Often, dividend yields soar because a company's share price is falling thanks to a business in disrepair. That can make buying high-yield stocks risky, so it pays to be selective and focus only on businesses that have the best odds of getting back on track. With that in mind, we asked some of our top Motley Fool investors if there were any of these companies on their radars, and they said "yes!" Read on to find out why it might be a smart time to add L Brands (BBWI -3.06%), GameStop Corp. (GME -1.30%), and AbbVie, Inc. (ABBV -5.96%) to income portfolios now.

A fat retail dividend

Tim Green (L Brands): There's no shortage of retailers currently struggling to grow sales and maintain margins. L Brands, which owns Victoria's Secret, Bath & Body Works, and a few other brands, suffered from a period of slumping comparable sales in 2016 and 2017. But its fourth-quarter results were better than expected, with both comparable sales and adjusted earnings moving in the right direction.

A man in a dress shirt points upward at a light bulb drawn on a blackboard.


Fourth-quarter comparable sales jumped 2%, while adjusted earnings per share rose 4%. Victoria's Secret suffered a sales decline, but sales growth from Bath & Body Works picked up the slack. It's hard to say whether the company can sustain this growth, but for now, things are looking up.

L Brands pays a quarterly dividend of $0.60 per share, which works out to a yield of about 6.4%, one of the highest in the S&P 500. A slumping stock price over the past few years is responsible for the soaring yield. Since peaking in late 2015, the stock has tumbled roughly 62%. Based on the mid-point of the company's adjusted earnings guidance for this year, the stock sports a price-to-earnings ratio of just 12.

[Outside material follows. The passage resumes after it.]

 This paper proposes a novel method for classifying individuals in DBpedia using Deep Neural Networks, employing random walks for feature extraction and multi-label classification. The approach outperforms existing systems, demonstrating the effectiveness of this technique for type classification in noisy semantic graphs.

The dividend does eat up 77% of adjusted earnings based on the guidance, which is high enough to be concerned that a dividend cut could be in the cards if earnings growth doesn't pick up. That's a risk you'll have to take if you want a yield that's more than triple that of the S&P 500.

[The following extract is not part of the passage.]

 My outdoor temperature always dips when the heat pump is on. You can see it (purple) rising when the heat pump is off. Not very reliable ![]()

Be careful what you wish for

Rich Smith (GameStop): So you say you want a stock with a really high dividend yield and a rock-bottom price? Well, I've got good news and bad news. The good news is that when a stock gets well and truly creamed, knocking its price down to a multiyear low, its dividend will probably look really big relative to that really low stock price.

In the case of GameStop, that's also the bad news.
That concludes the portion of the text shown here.